** Your goal **
From the line that contains "The immediate financial" through the end of the records below, write out each line exactly as it appears, but not the pictures.

(Records from a data collection)
▬▬▬▬▬▬
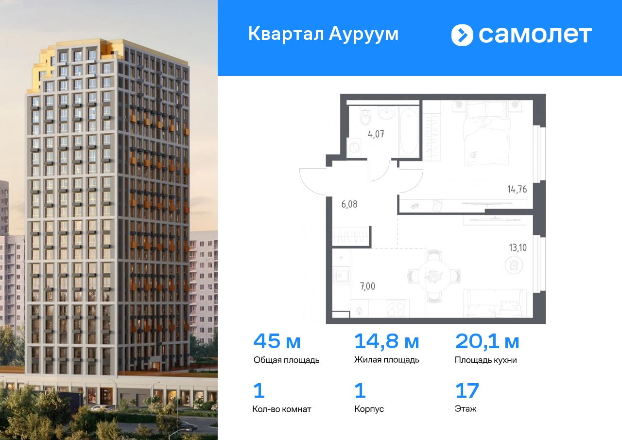 Предлагается 1-комнатная квартира бизнес-класса 45,01 кв.м в корпусе 1 на 17 этаже, в ЖК «Квартал Ауруум» Квартира с предчистовой отделкой. Доступность дополнительных опций уточняйте у застройщика. Приобрести квартиру возможно по специальным акциям от застройщика, с текущими условиями акций можно ознакомиться в блоке “Акций”. Цена динамическая и может отличаться, уточняйте актуальность у застройщика. «Квартал Ауруум» — это море зелени под вашими окнами и жизнь в уютном квартале с собственной инфраструктурой. До центра города — всего 15 минут на авто. Жилой квартал находится в развитом районе, где все необходимое рядом — свой детский сад, магазины, кафе и школа — через дорогу. 4 разновысотных корпуса, от 14 до 31 этажа, дарят ощущение простора и много естественного света в квартирах. Для неспешных прогулок - приватный двор-сад или Основинский парк у подножия комплекса. Для авто — подземный паркинг. Все квартиры с предчистовой отделкой.#yan19-2r1744868#О застройщике
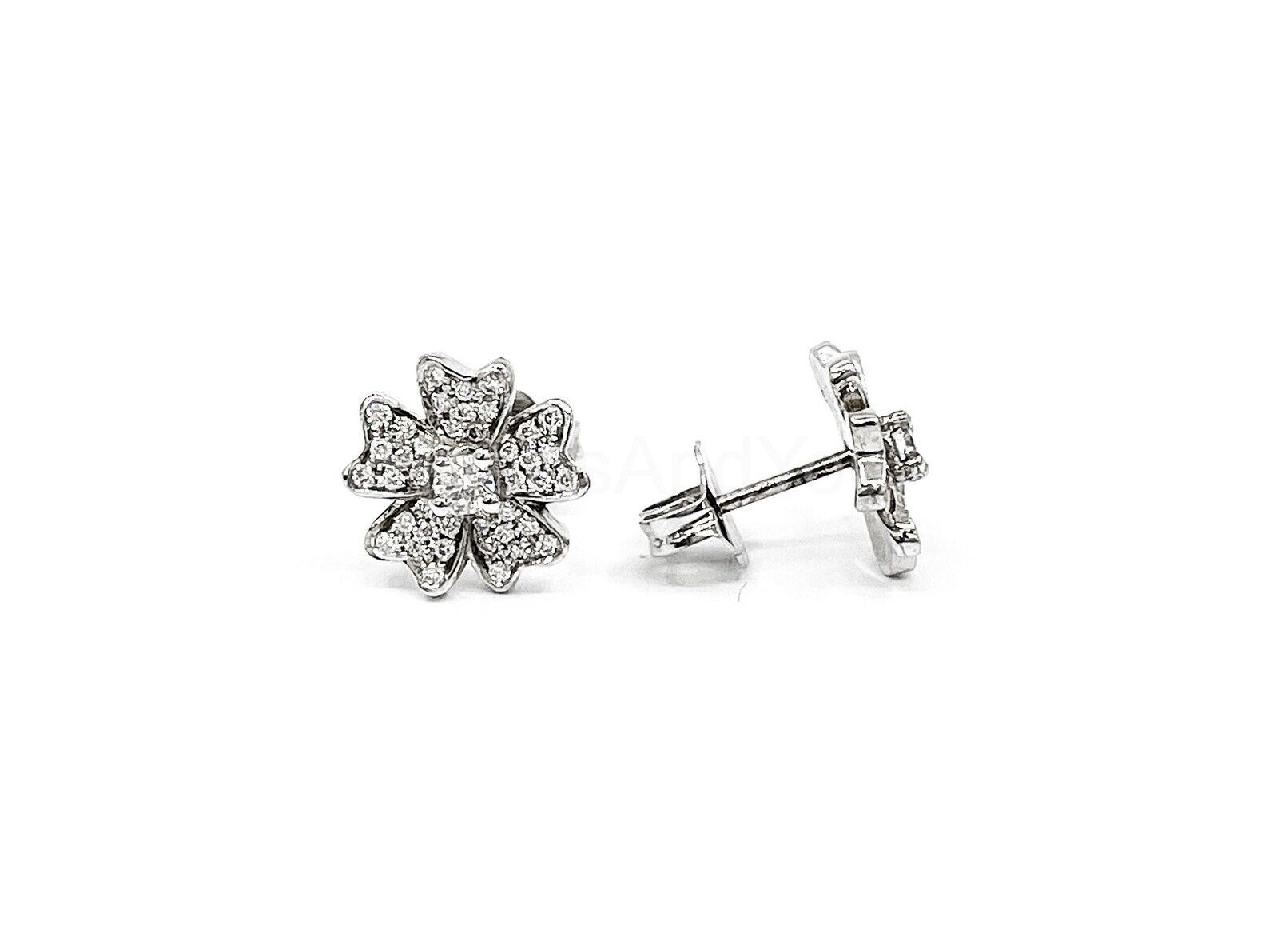 1ct Round Cut Moissanite Flower Cluster Stud Women Earring 14k White Gold Plated
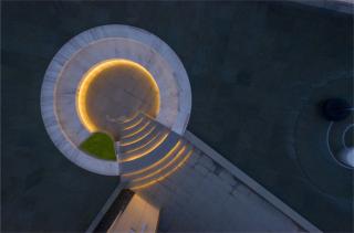 華光出現(xiàn),靜謐的水,優(yōu)雅而不失嚴(yán)肅的門與佇立在門兩旁的竹相伴,是為迎接。
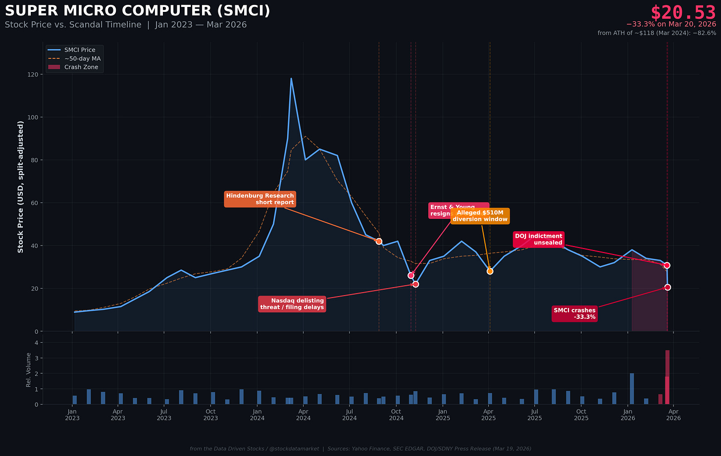 The immediate financial impact was brutal. SMCI’s stock dropped from $30.79 to $20.53 on March 20 — a 33.3% single-day decline that wiped roughly $6 billion off the company’s market capitalization. From its all-time high of approximately $118 per share in March 2024, the stock has now lost about 82.6% of its value. As of March 21, 2026, the market cap sits around $12 billion, down from over $70 billion at the peak.
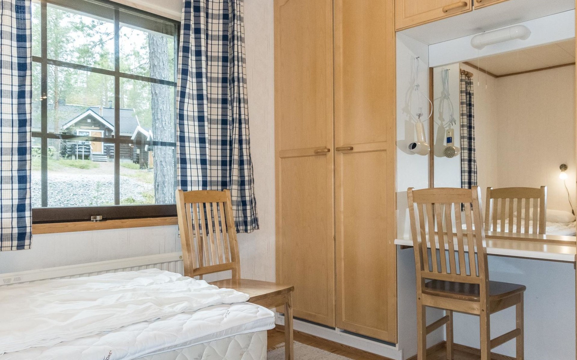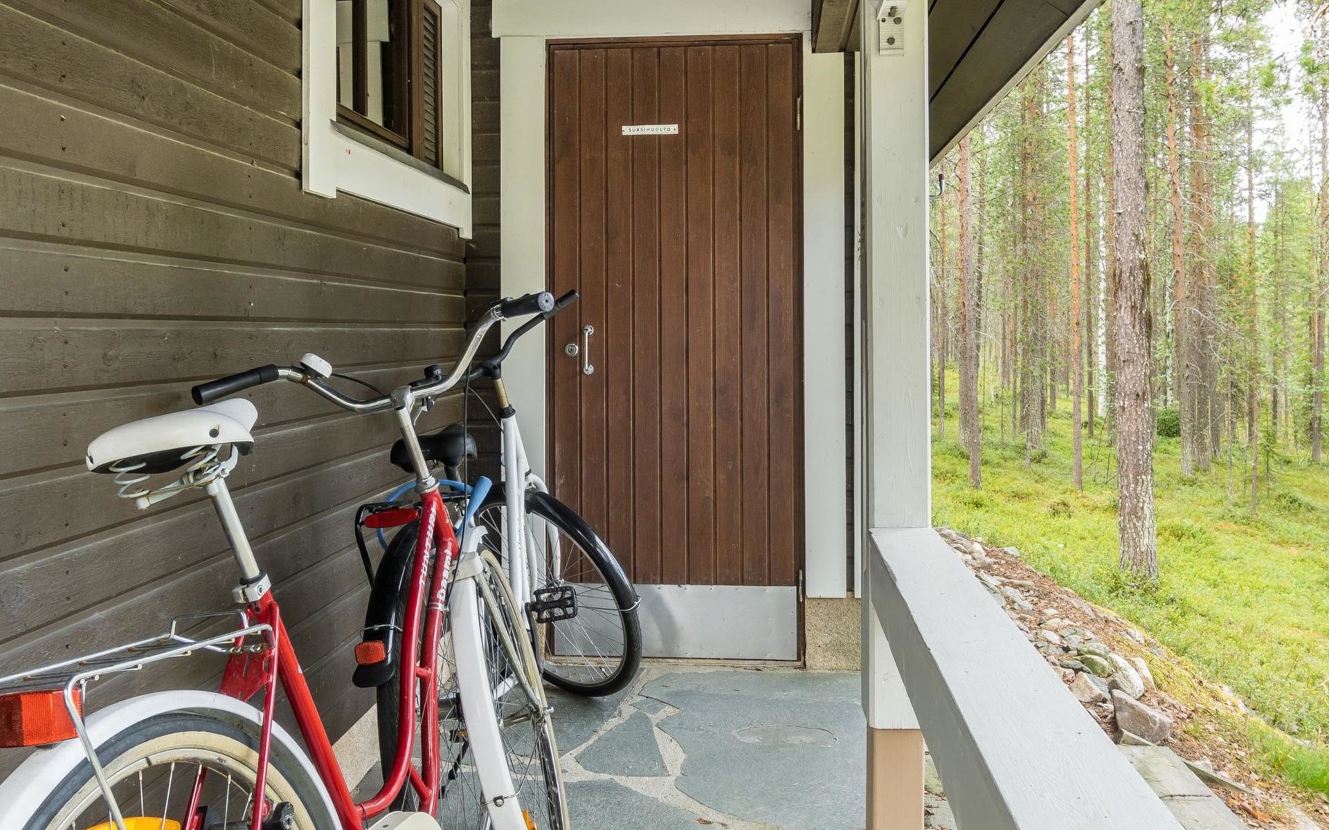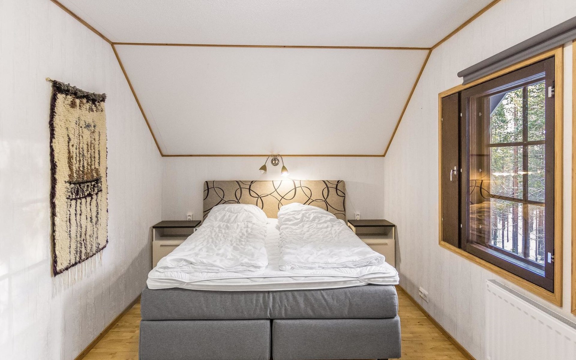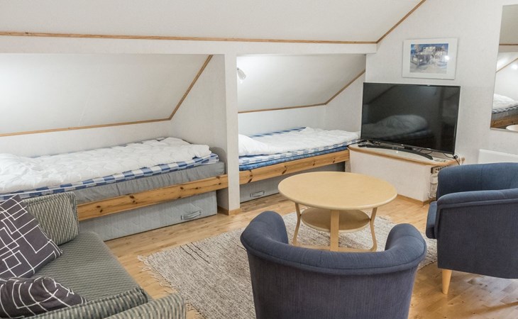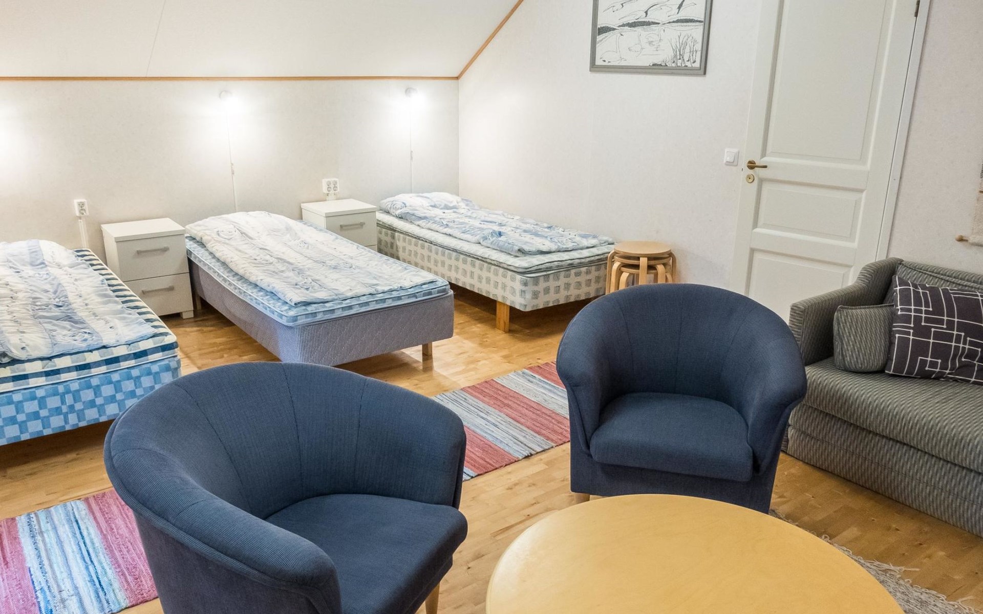 On the ground floor living room/kitchen, bedroom with two beds, another bedroom with double bed (2 beds made into a double bed with common mattress pad). Sauna, washroom and separate toilet, as well as a utility room with a toilet seat.
▬▬▬▬▬▬
** Solution for this exercise **
 The immediate financial impact was brutal. SMCI’s stock dropped from $30.79 to $20.53 on March 20 — a 33.3% single-day decline that wiped roughly $6 billion off the company’s market capitalization. From its all-time high of approximately $118 per share in March 2024, the stock has now lost about 82.6% of its value. As of March 21, 2026, the market cap sits around $12 billion, down from over $70 billion at the peak.
 On the ground floor living room/kitchen, bedroom with two beds, another bedroom with double bed (2 beds made into a double bed with common mattress pad). Sauna, washroom and separate toilet, as well as a utility room with a toilet seat.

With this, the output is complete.